一ドル銀貨の遺言



題名:一ドル銀貨の遺言
原題:TIME TO MURDE AND CREATE
作者:LAWRENCE BLOCK
訳者:田口俊樹
発行:二見文庫 1989.1.25 初版
定価:\490(本体\476)

 順番に読んでゆくつもりが、勘違いで三作目に取り掛かってしまったのがこの本。この本もぼくには実に面白く読めた。相変わらずマット・スカダーからはアル中のイメージをあまり受けないで済んだ。<アル中探偵マット・スカダー・シリーズ>という出版社のもくろみはそんなに成功していないようにみえる。このシリーズの主人公の特徴の一つであるが、バーボンをコーヒーに滴らして飲むという点。酔ってもいないし醒めてもいないという意識の絶妙なバランスを保ちつつ生きてゆく点。これがぼくには非常にしっくり来るのだった。
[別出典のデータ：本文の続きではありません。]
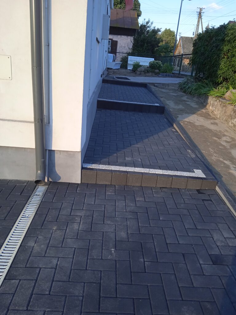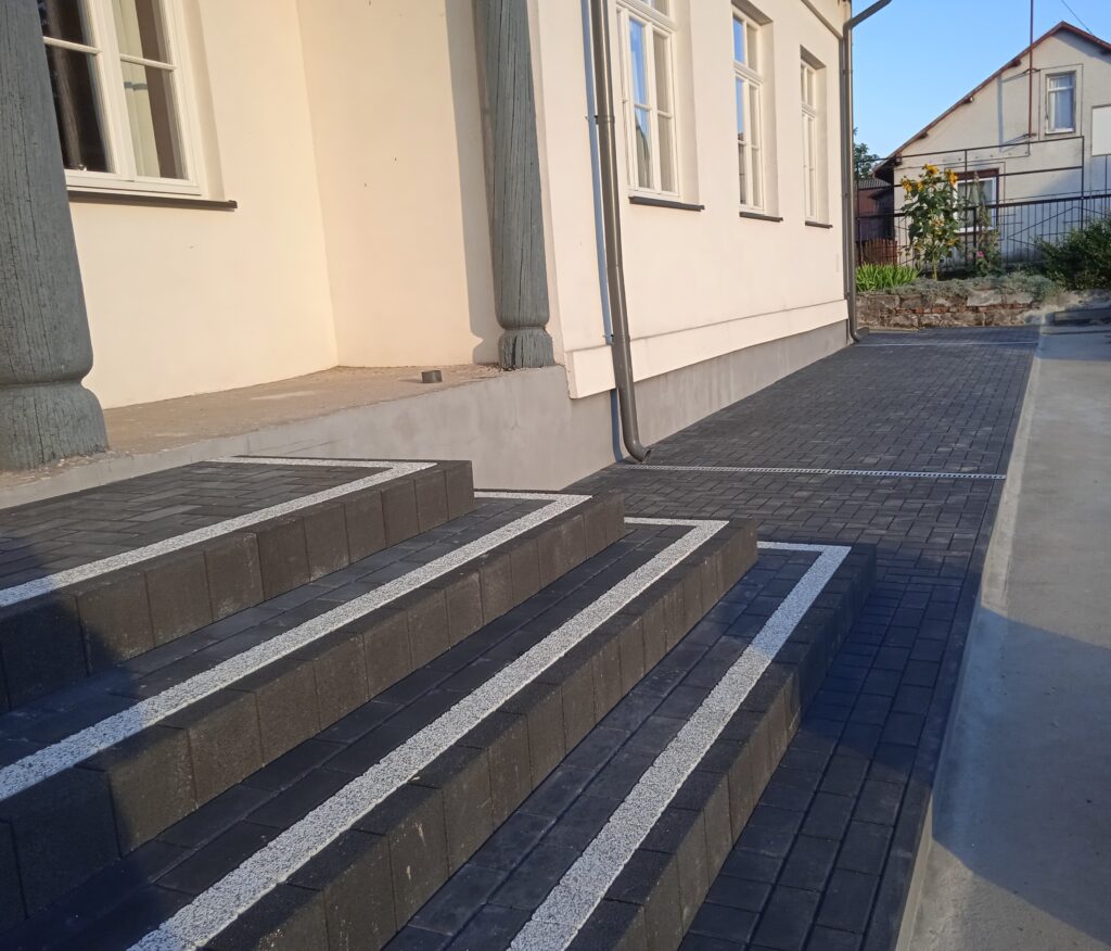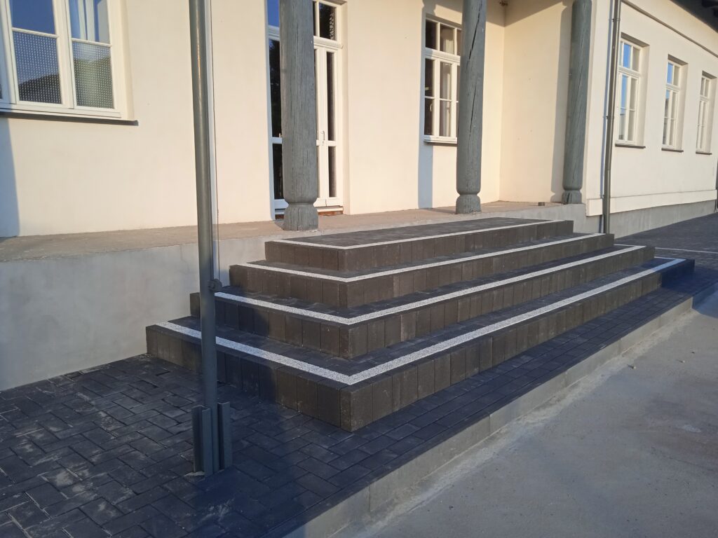 Budynek Biblioteki – Centrum Spotkań w Jeziorzanach w nowej odsłonie. Wybudowano schody zewnętrzne oraz wyłożono kostką brukową nierówności przy budynku. Jest estetycznie i bezpiecznie.

 この本を下戸の人が読む場合とぼくのような酒飲みが読む場合では、一応印象が明らかに違うのだろうなと思わざるをえない。このことは『今夜すべてのバーで』でも言ったことだが(その主人公と同年齢のぼくです(^^;)、酒の魔力とか酒の魅力みたいなものと日々駆け引きを繰り広げながら生活している人種と、そういうこととは無縁に本書のようなハードボイルドを純然たる読書として愉しむ人とでは、当然ながらスカダーへの共感の度合は絶対に違うものであると思う。また同じ酒飲みでも酔うことを目的に酒をくらう人と、酒自体の味覚に魅かれてグラスを口元に往復させる人種とでは、おそらくスカダーへの好悪は違ってくるだろうなと思う。

 ぼくはまさにその後者の飲み方をする人間・・酔いも醒めもしたくない人間・・だからスカダーへの共感はけっこう激しいものがあったりする。彼をアル中探偵なぞと呼びたくない気持ちも、だからわかっていただければとも思う。

 さてストーリー。これも本書は極めていい。最初からいい乗りで読めると思う。一作目に劣らないサスペンスで読めると思う。一言言っておきたいのは、推理小説のつもりで読んでは当然駄目だということ。だってこの手の小説は犯人がだいたい想像ついてしまうし、トリックなんてものは皆無に近いから。ぼくが面白いと言ってるのは、スカダーの捜査(基本的にこれはインタビューである)の過程で明らかになってゆくキャラクターたちの個性とか、突発するアクシデントのことである。またこれらと関わりながら過去へと沈んでゆくスカダーの内面の業がいいのである。

 とりわけスカダーを再びどん底へ追いやるような本作中のアクシデントは、読んでいる身には、ちょっとやりすぎではないかと思わせるほどの過酷さぶりである。スカダーが業を背負って人生を投げ出した如き探偵であることがよくわかるが、その向こうにスペンサーなどには見つめることのできない(パーカー・ファンの方、ごめんなさい)裏返ったヒューマニズムがしっかり見据えられていることもわかってくるのである。